Are You Headed for a "Sleep Divorce"?

a man and woman lying in bed
A "Sleep Divorce" Might Improve Your RelationshipRetro AdArchives/Alamy


"Hearst Magazines and Yahoo may earn commission or revenue on some items through these links."

Getting a great night of sleep is easier said than done. Whether you're wrangling your kids together, pulling an all-nighter for work, or stressing about something outside of your control, there are so many factors chipping away at the quality of sleep we need to lead healthy lives. But when this lack of sleep is coupled with sleeping on the couch to avoid your partner's obsession with keeping the television blaring all night or their constant tossing and turning, setting healthy sleeping habits is nearly impossible.

If your partner's snore is stronger than your white noise machine or you wake up freezing in the night due to a thermostat war, you might be well overdue for a sleep divorce—hear us out. Relationships are a lot of work, but your sleep routine doesn't have to be. In the past few years, sleep divorce has risen in popularity as a solve for sleep-deprived couples. (Cameron Diaz even gave the trend her endorsement!) Picture it: No more yanking the blanket back to your side or waking up in a pool of sweat because your partner radiates body heat like they're a space heater.

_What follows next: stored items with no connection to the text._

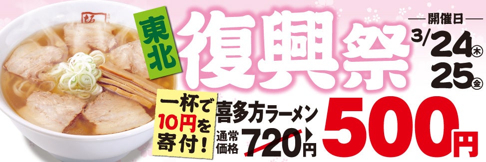 さらに同期間中は、「喜多方ラーメン」をワンコインで提供しお得に召し上がっていただくことで、東北の復興支援への参加を促進します。
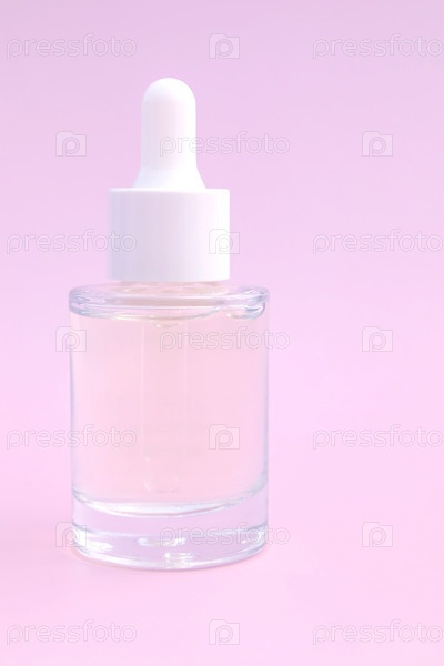 Вид сбоку на стеклянную бутылку-капельницу с косметическим маслом для лица на розовом фоне. антивозрастная сыворотка с натуральными ингредиентами
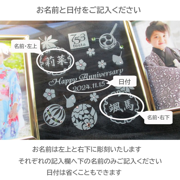 Happy Anniversary と 753festa のロゴは標準で彫刻致します

We spoke to clinical psychologist, Dr. Michael Breus Ph.D. (also known as The Sleep Doctor), and Dr. Rebecca Robbins, scientist and instructor in medicine at Harvard Medical School, to learn about the pros and cons of a sleep divorce.

What Is a Sleep Divorce?

As intimidating as it sounds, sleep divorce doesn't require any paperwork. It's an arrangement between couples to sleep apart to improve their sleep hygiene, which helps their relationship in the long run. Couples either sleep in separate beds, rooms, or adhere to a different sleep schedule. It could very much be that you're cranky because your partner actually put you on the wrong side of the bed!

For couples thrown off by the name, maybe avoid using divorce when discussing it with your partner. "I really don't like this term. It implies that when people are sleeping in separate bedrooms that it is somehow affecting or saying something about their relationship," Breus says.

Robbins agrees that sensitivity on the topic is needed as every call for sleep divorce is by case. "If two individuals in a couple simply prefer sleeping separately, my colleague, Dr. Wendy Troxel has called for avoiding the term 'sleep divorce,' which is unfortunately extremely pejorative and can marginalize those that truly need to sleep separately."

Pros and Cons of Sleep Divorce

The Centers for Disease Control and Prevention recommends adults 18 through 64 receive seven to nine hours of sleep per night. Though there are various conditions we can't control to improve our sleep, it's worth looking into practices that can, including sleeping separately from your partner.

Robbins makes a case for a few reasons to try a sleep divorce: "For instance, in some relationships, one partner might be an owl while the other a lark, causing severe difficulties in aligning on the same bed and wake schedule. Another instance is in the case of one partner having a sleep disorder, such as sleep apnea or REM sleep behavior disorder, which can be disruptive to a partner."

Although the scenarios above might make getting quality sleep difficult, there are also benefits to sleeping with your partner. In one study, researchers found that partnered women demonstrated improved sleep quality and continuity of sleep compared to unpartnered women. There wasn't a correlation between marital status and sleep, but people in longer-term relationships showed better sleep outcomes than those in shorter-term relationships. Ultimately, the study found that long-term, stable relationships offer the best health and sleep outcomes.

According to Robbins, this is in part because relationships help partners manage stress. Many couples catch up after a long day in bed, with partners acting as a sounding board or a shoulder to cry on. Another study hypothesizes that oxytocin could be a potential neurobiological factor linking close relationships with sleep and ultimately health for both individuals in the relationship. "Given that oxytocin can be released from kissing, hugging, and from sexual intimacy, it could be that the reason those in long-term relationships demonstrate better sleep and health outcomes has to do with this essential hormone," Robbins says.

Signs You Should Try a Sleep Divorce

Everyone deserves a night of sweet, deep REM sleep. There are tons of tricks to sleeping better, from redesigning the room to using a sleep aid app, but if you tried everything and still end up wincing at the bags under your eyes, sleep divorce may be the solution.

"This is a great idea especially when we have couples where one person is snoring which keeps the other awake, or if one person is a shift worker, who has different hours, or people who have different chronotypes, where their genetically predetermined bedtime is different," Breus says.

It's important to do what works best for your relationship and workshop solutions even if it's not common among the other couples you may know. "No one says that you need to sleep apart seven days a week. Some couples will sleep apart five days a week, and then together on the weekends," Breus states. As long you prioritize love and agree on a plan, the experts say you should feel comfortable hitting snooze in peace.